For the activation of pro-CASP1, research findings showed that caspase activation and recruitment domains (CARDs) act as a platform termed the ASC speck (56). Along this line, active CASP1 initiates the activation and release of IL-1 proteins (57), whereas the activation of NLRP3 causes the release of some pro-inflammatory mediators, including IL-1β, IL-18, and high-mobility group protein B1 (HMGB1) (58–60). Triptolide (30, 45, 46), tanshinone IIA (31), phorbol myristate acetate (25), and teuvincenone F (42) have been seen to reduce both IL-1β and IL-18 expressions, whereas kaurenoic acid (35) and andrographolide (36–39) reduced the IL-1β expression in different test systems. Tanshinone IIA also attenuated ischemia/reperfusion injury (IRI) induced liver injury through down-regulating the HMGB1-TLR-4/NF-κB pathway in Kupffer cells (KCs) and activated the PTEN/PI3K/AKT pathway (29).

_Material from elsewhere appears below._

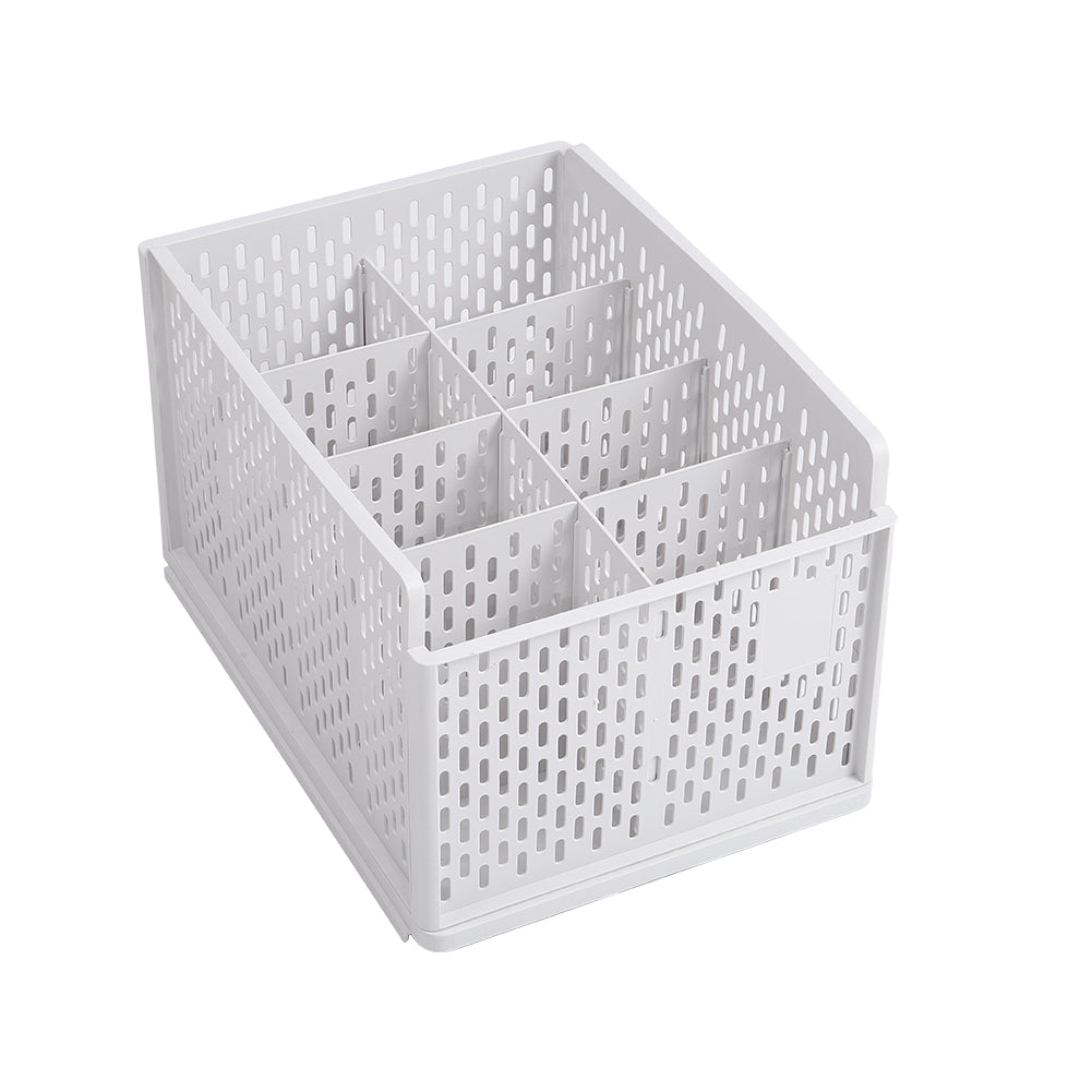 Efficiently organize your trousers with this stackable storage basket. Featuring eight compartments and a wide opening design, this basket allows for easy viewing and access to your items. Made of durable, lightweight plastic, it fits perfectly in most standard-sized shelves and cabinets, saving space and creating a customizable organization system.

NACHT, LRR, and PYD domains-containing protein 12 (NLRP12), a member of the NLRs, which is known to interact with the apoptosis-linked speck-like protein containing a CARD (ASC), cause the activation of CASP1, resulting in IL-1β release (61). Recently, it has been reported that the NLRP12, through its binding to the hematopoiesis cell kinase, may impart an effect on the pathogenesis of acute myeloid leukemia (62). Kaurenoic acid was seen to exert leishmanicidal activity through triggering a NLRP12/IL-1β/cNOS/NO pathway (35).
On the other hand, IKKγ activates NF-κB. Furthermore, during the activation of NLRP3, transcription of the NLRP3 gene occurs, which activates NF-κB, including TLRs and TNF receptors (18, 63). In a recent study, triptolide was found to down-regulate hsa-miR-20b by targeting the NLRP3 gene in mice (33). Tanshinone IIA (34) and teuvincenone F (42) reduced TNF-α expression, whereas andrographolide was evident to down-regulate both NF-κB and TNF-α expressions (37–39, 41). Additionally, teuvincenone F modulated the IKKγ expression in mouse macrophages (42).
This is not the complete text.